Аргумент Ленина: «Контроль без власти есть пустейшая фраза!.. Если я напишу бумажку или резолюцию, то они напишут контррезолюцию»[409] – был воспринят не всеми даже среди его сторонников. Андрей Бубнов из Иваново-Вознесенска говорил, например, о необходимости «стального» контроля со стороны масс[410], что дало возможность Каменеву острить о его согласии даже на контроль «каменный». Бубнов ответил, что «контроль, о котором говорю я, ничего общего не имеет с тем, который предлагает т. Каменев; это не бумажный контроль, а контроль масс». Но, как заметил Зиновьев, не только «каменный» и «стальной», но даже контроль «бронзовый» и «чугунный» могут превратить Советы в не что иное, как «хор при Милюкове»[411]. В конечном счете делегаты отклонили каменевский «контроль» и против ленинской резолюции об отношении к Временному правительству проголосовало лишь трое, при восьми воздержавшихся. Но о содержании работы Советов продолжали дискутировать до конца конференции.

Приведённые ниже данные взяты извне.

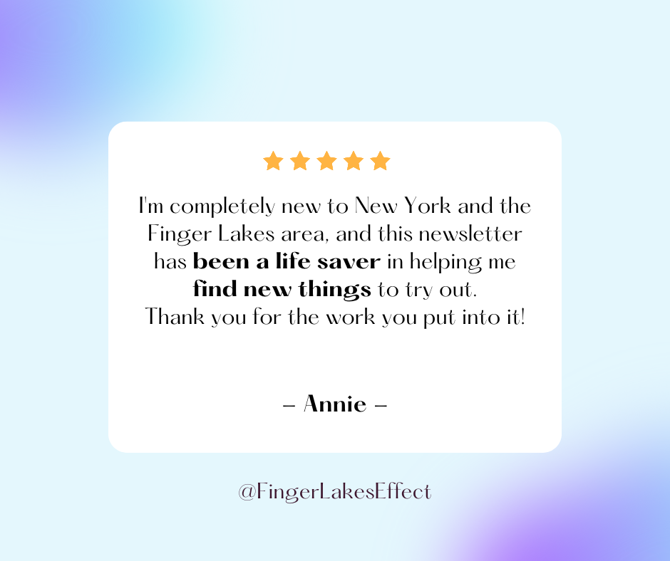 Finger Lakes Effect is your window into the Finger Lakes. A weekly newsletter written by a Finger Lakes resident delivering curated local news, events, and happenings right to your inbox.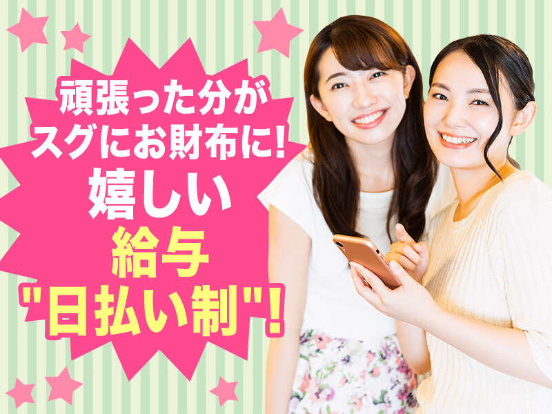 \高時給1350円/男女活躍中&未経験OKのシンプルワーク!お給料は全額日払いも選べる!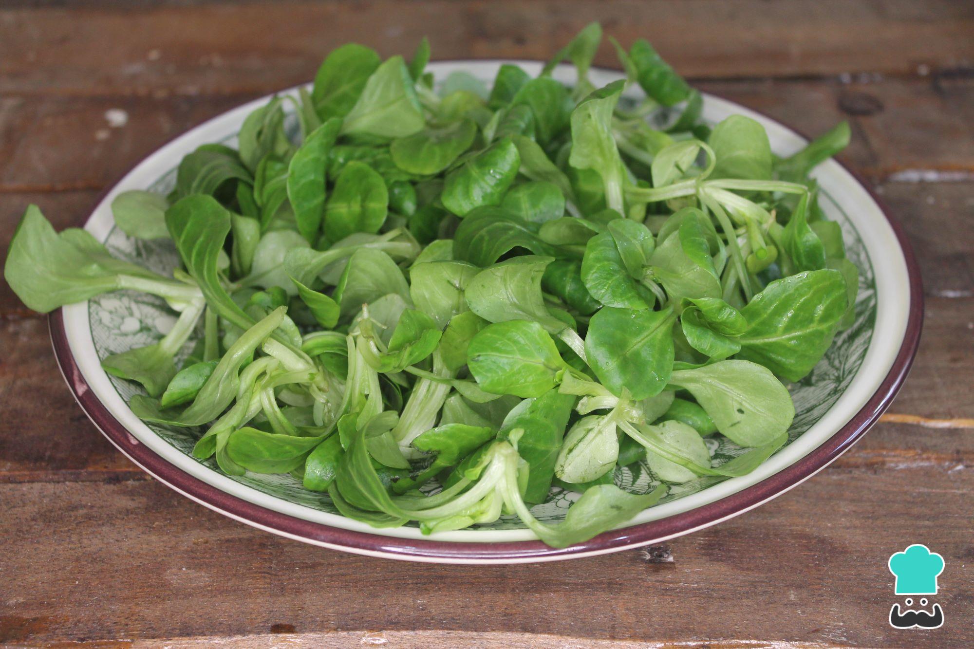 Añade en el plato los canónigos donde vayas a presentar la ensalada, añade un poco de sal y un chorrito de aceite de oliva.

Поставленные перед необходимостью решать уйму вопросов, связанных с нуждами населения, Советы – через различного рода «контрольные» комиссии – втягивались в «деловое» сотрудничество с органами управления правительства. Причем делегаты отмечали, что эти органы стараются спихнуть на Советы наиболее острые вопросы: продовольственный, транспортный, топливный, а в некоторых провинциальных городах и чисто полицейские функции[412]. «Ведь буржуазия, – говорил Бубнов, – рассуждает так: нужно Совет приручить, нужно эту власть унизить, нужно силу Совета соединить с той властью, которая есть у Временного правительства». Тактика буржуазии очевидна: «Совет надо сделать не противодействующим органом, а органом содействующим, приобщить его к государственной власти»[413].

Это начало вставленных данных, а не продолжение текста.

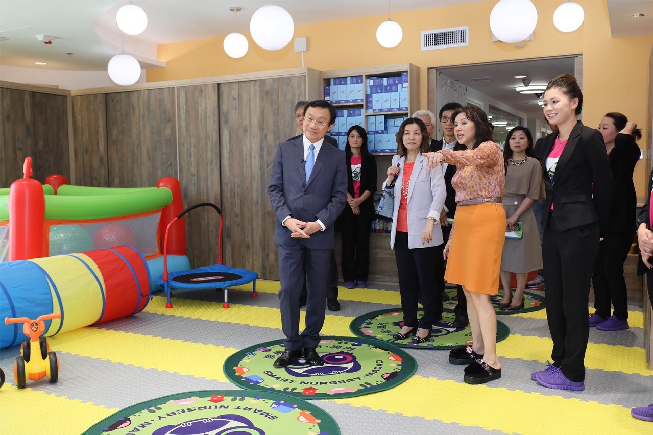 隨後,譚俊榮一行視察同位於日昇樓的崇專托兒所,參觀托兒所的活動室、幼兒單車徑、廚房、多用途室、圖書閣等,譚俊榮詳細了解托兒所的服務宗旨、服務特色、收托安排及人力資源情況,讚揚該所引入智能科技,方便家長和所方溝通;提供中、英、葡三語的培育安排,以及透過探索設備及環境引發兒童學習的動機等。該所本年9月16日起已投入服務。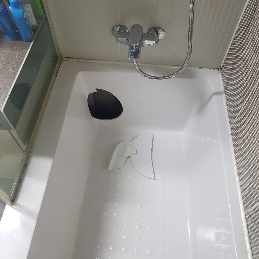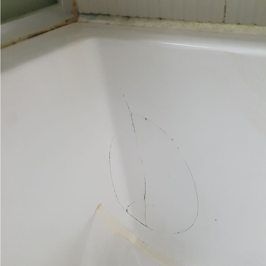 이번 고객님은 욕조 안쪽 측면이 크게 깨지면서 손바닥 크기의 구멍이 발생한 상황이었습니다.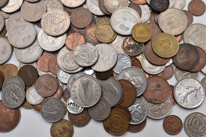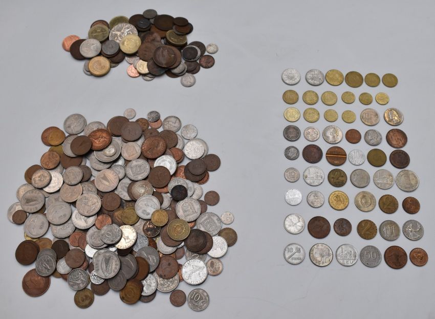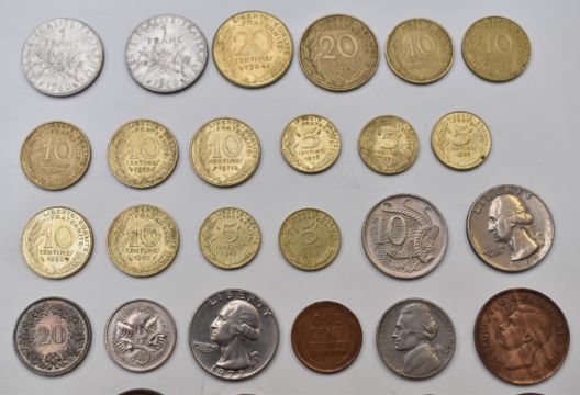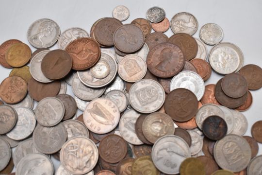A collection of UK coinage, overseas holiday change etc

Эта тенденция особенно отчетливо проявлялась в столичных Советах, за что они подверглись критике со стороны делегатов с мест. «В Петрограде у Совета р. и с. депутатов власти нет, – сказал кронштадтский делегат Артём Любович, – и в этом все его развращающее влияние на провинциальные Советы». Самокритичным было выступление члена исполкома Моссовета Петра Гермогеновича Смидовича: «Совет находится в каком-то приниженном настроении. Власть не в его руках, но он проникнут какой-то государственностью… Сотрудничество с буржуазией создает настроение враждебного чувства к нам. Быть там трудно». Главное же, заметил Смидович, за сутолокой повседневных дел, на которые уходит вся энергия, – «улетучивается способность революционного углубления и расширения революции». «Совершенно верно», – бросил реплику Ленин[414].
Смидовичу ответила секретарь Пресненского райкома Москвы Костеловская: «В Московском Совете только пожинают то, что сеяли. Вместо того, чтобы заниматься организацией, сговариваться с массой, они пошли сговариваться с правительством… Это завело их в тупик, сделало их прислужниками буржуазии (Ленин с места: «Правда». Аплодисменты)… Московский Совет, – продолжала Костеловская, – разошелся с массой, на которую он должен бы опереться. Масса левее Совета, а Совет левее президиума»[415].
Анализируя эти выступления, Ленин отметил, что стремление буржуазии интегрировать Советы в систему консолидирующейся буржуазной власти – несомненно. Эта опасность отчетливо проявляется в столице и других крупных центрах, где состав Советов был менее пролетарским. Будучи втянутыми в «большую политику», эти Советы начинали переносить свои взаимоотношения с Временным правительством из сферы «контроля» в плоскость «делового» партнерства, порождая тем самым усиление политической зависимости от аппарата буржуазной власти. А это, в свою очередь, вело к таким опасным тенденциям, как бюрократизация революционного движения и сужение инициативы самих масс. И если такого рода тенденции разовьются, то сама постановка вопроса о власти Советов станет «бессмысленна», ибо, как выразился Ленин, «если нужна буржуазная республика, то это могут сделать и кадеты»[416].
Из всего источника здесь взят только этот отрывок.